Edward was inspecting the front of the car, his face angry, his ponytail coming loose. In a moment he was in the driver’s seat again, smelling of the cold and the citrusy antiperspirant he used. He said nothing to Fidelia. He fixed the rearview mirror, which had somehow gotten twisted around. Then he started the engine, put on his seatbelt, and pulled back onto the road.
They got home Sunday afternoon. Fidelia had thought she would be relieved to find no one there. What she felt was a mild sort of longing—for the trucks, the tools, the noise, the dirt and drizzle. It was a warm, radiant day. The yard was quiet and clean and the patio had been completed, its pavers set in a herring bone pattern, scrubbed and shining in the sunlight.
“Looks great,” Edward said, standing in the middle of the patio. He tapped it here and there with his foot, as if testing it for seaworthiness.
Fidelia had to admit it was lovely. She liked the way it curved away from the shed in a gentle parabola. She saw where the table would go and the gas grill and the big earthenware pot of clumping bamboo. Then she remembered the excrement, and a fury sprang up inside her.

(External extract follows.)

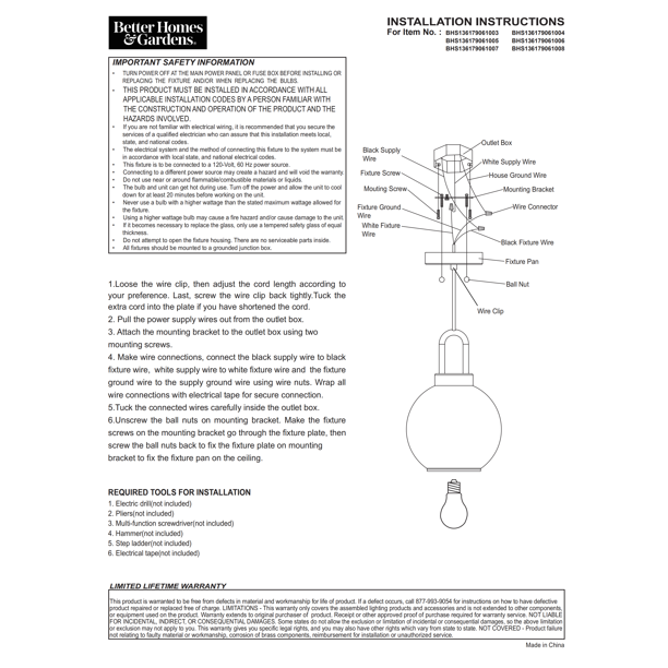 Come with 4 hooks and 4 mounting clips to hang the lamp cord from ceiling. Hang the chandelier cord in high wherever you like and add the bulbs, then just plug and play. Easy to use.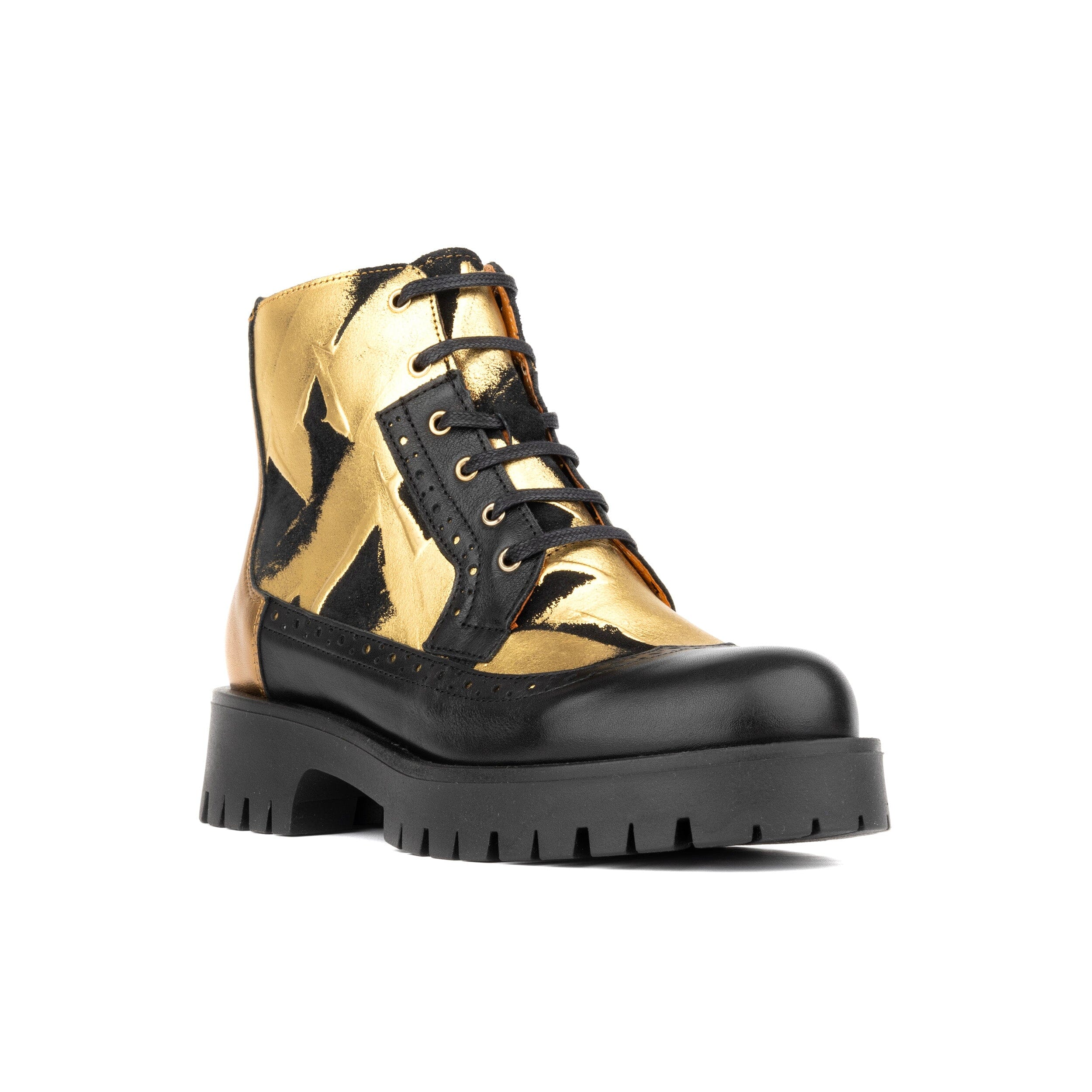 The Hatter Platform Gold & Black is a trendy, platform lug sole women’s ankle boot with a side zipper for easy access. This womens platform boot is an effortless, chic women’s designer ankle boot with a mix of black patent leather, gold textured leather and black leather making this women’s ankle boot a knockout. Let this Italian leather women’s platform shoe comfort your feet. The lug platform makes walking in the Hatter Platform Gold & Black a breeze.

She stepped behind the hydrangeas to see if anyone had gone back there again. If so she would call Larry the Landscaper and demand he clean it up. She would also demand reimbursement, she wasn’t sure how much. Twenty percent? Fifty?
She found nothing. She looked in other parts of the yard—behind the compost bin, in the cobwebby spot between the butterfly bush and the quince tree, under the dogwood that was just beginning to bloom. There was nothing, nothing. For a disconcerting moment she wondered if she’d dreamed the whole episode. No, it had been there. The shit had been there. She’d picked it up and discarded it.
Edward had gone in the house. Fidelia got a folding chair from the shed. She opened it and sat taking in the new patio. It was so bright she had to squint. She kept squinting. Then she closed her eyes and tried to relax. She wanted a drink. She should go make one and bring it out here and then relax, she told herself, but she didn’t move. The labradoodle started up with its incessant barking. Fidelia sat there with her eyes closed, the patio solid and level beneath her. The dog’s shrill yelps jabbed at her ears. She was cold despite the sun on her face. After a while she put the chair away and went into the house.